Given records:
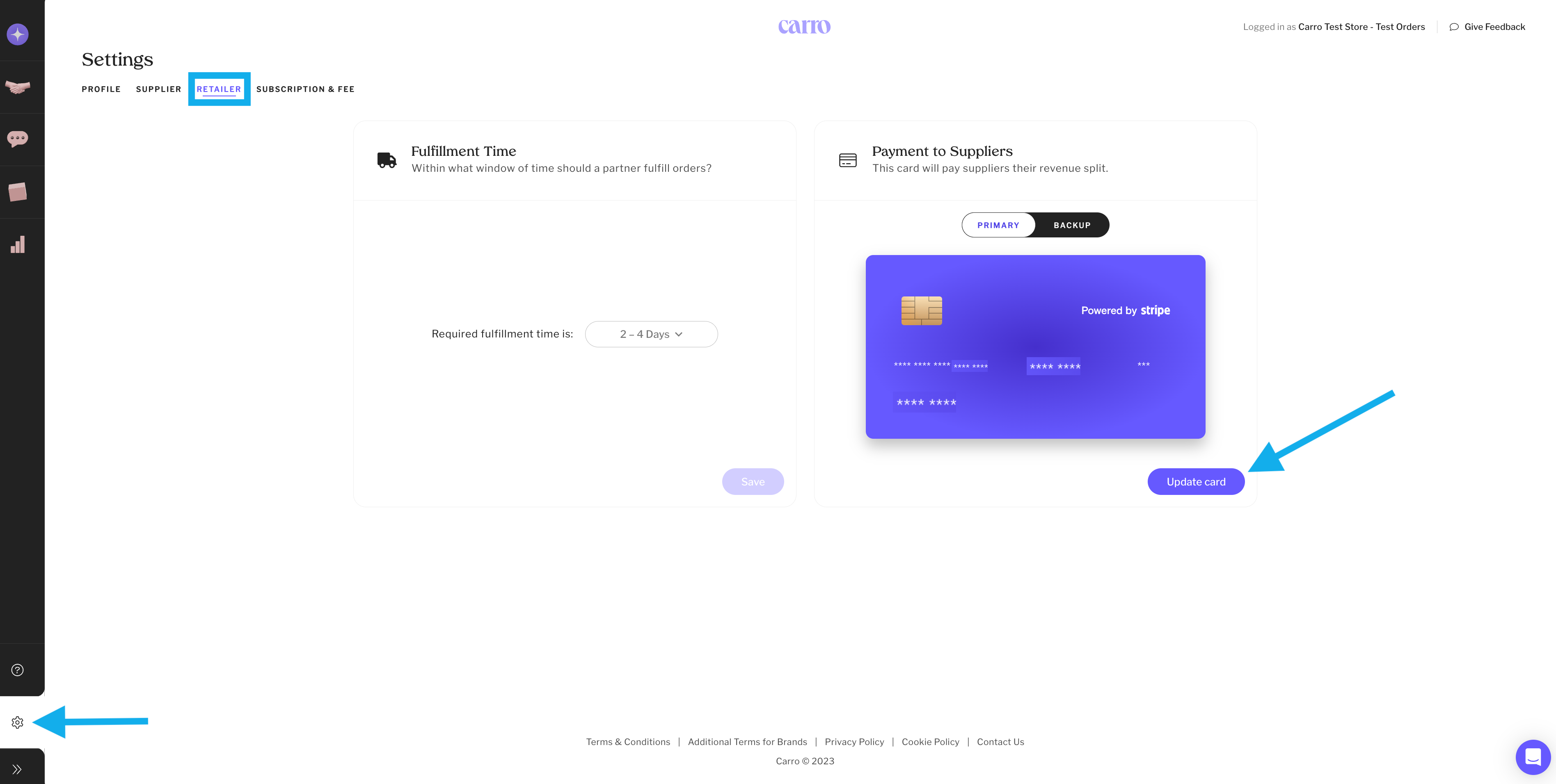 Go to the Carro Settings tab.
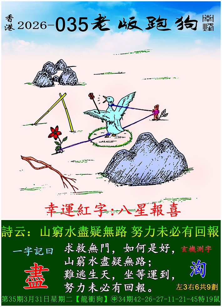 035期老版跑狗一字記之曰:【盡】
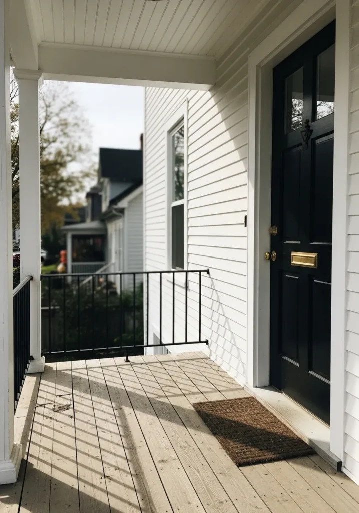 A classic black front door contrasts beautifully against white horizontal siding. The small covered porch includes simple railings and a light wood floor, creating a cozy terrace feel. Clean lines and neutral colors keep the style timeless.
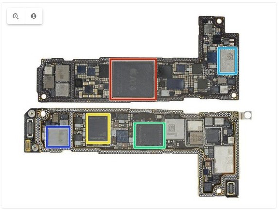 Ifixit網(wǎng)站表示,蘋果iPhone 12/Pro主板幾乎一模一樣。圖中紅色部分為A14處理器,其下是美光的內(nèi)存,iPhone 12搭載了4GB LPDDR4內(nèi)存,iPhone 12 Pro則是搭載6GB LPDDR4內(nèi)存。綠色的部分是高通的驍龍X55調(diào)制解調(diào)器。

...

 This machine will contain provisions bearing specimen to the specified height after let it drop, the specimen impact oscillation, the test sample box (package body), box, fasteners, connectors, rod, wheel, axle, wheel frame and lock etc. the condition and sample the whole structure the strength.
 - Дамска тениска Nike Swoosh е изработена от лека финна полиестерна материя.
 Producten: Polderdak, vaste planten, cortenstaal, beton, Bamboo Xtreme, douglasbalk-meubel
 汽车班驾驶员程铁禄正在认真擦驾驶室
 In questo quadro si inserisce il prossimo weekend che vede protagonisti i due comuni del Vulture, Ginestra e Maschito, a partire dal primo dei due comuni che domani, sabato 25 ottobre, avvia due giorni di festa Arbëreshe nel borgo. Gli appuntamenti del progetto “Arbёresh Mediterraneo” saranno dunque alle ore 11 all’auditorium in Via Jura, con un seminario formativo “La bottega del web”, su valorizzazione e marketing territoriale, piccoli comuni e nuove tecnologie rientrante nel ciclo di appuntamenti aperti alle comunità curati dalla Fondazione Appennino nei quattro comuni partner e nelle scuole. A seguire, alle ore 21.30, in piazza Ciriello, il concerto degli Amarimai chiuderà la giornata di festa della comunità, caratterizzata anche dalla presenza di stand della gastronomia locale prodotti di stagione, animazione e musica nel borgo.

Work required: Since only part of the listing is wanted, copy exactly the lines from the one holding "- Дамска тениска" to the one holding "In questo quadro", both included.

Answer space:
 - Дамска тениска Nike Swoosh е изработена от лека финна полиестерна материя.
 Producten: Polderdak, vaste planten, cortenstaal, beton, Bamboo Xtreme, douglasbalk-meubel
 汽车班驾驶员程铁禄正在认真擦驾驶室
 In questo quadro si inserisce il prossimo weekend che vede protagonisti i due comuni del Vulture, Ginestra e Maschito, a partire dal primo dei due comuni che domani, sabato 25 ottobre, avvia due giorni di festa Arbëreshe nel borgo. Gli appuntamenti del progetto “Arbёresh Mediterraneo” saranno dunque alle ore 11 all’auditorium in Via Jura, con un seminario formativo “La bottega del web”, su valorizzazione e marketing territoriale, piccoli comuni e nuove tecnologie rientrante nel ciclo di appuntamenti aperti alle comunità curati dalla Fondazione Appennino nei quattro comuni partner e nelle scuole. A seguire, alle ore 21.30, in piazza Ciriello, il concerto degli Amarimai chiuderà la giornata di festa della comunità, caratterizzata anche dalla presenza di stand della gastronomia locale prodotti di stagione, animazione e musica nel borgo.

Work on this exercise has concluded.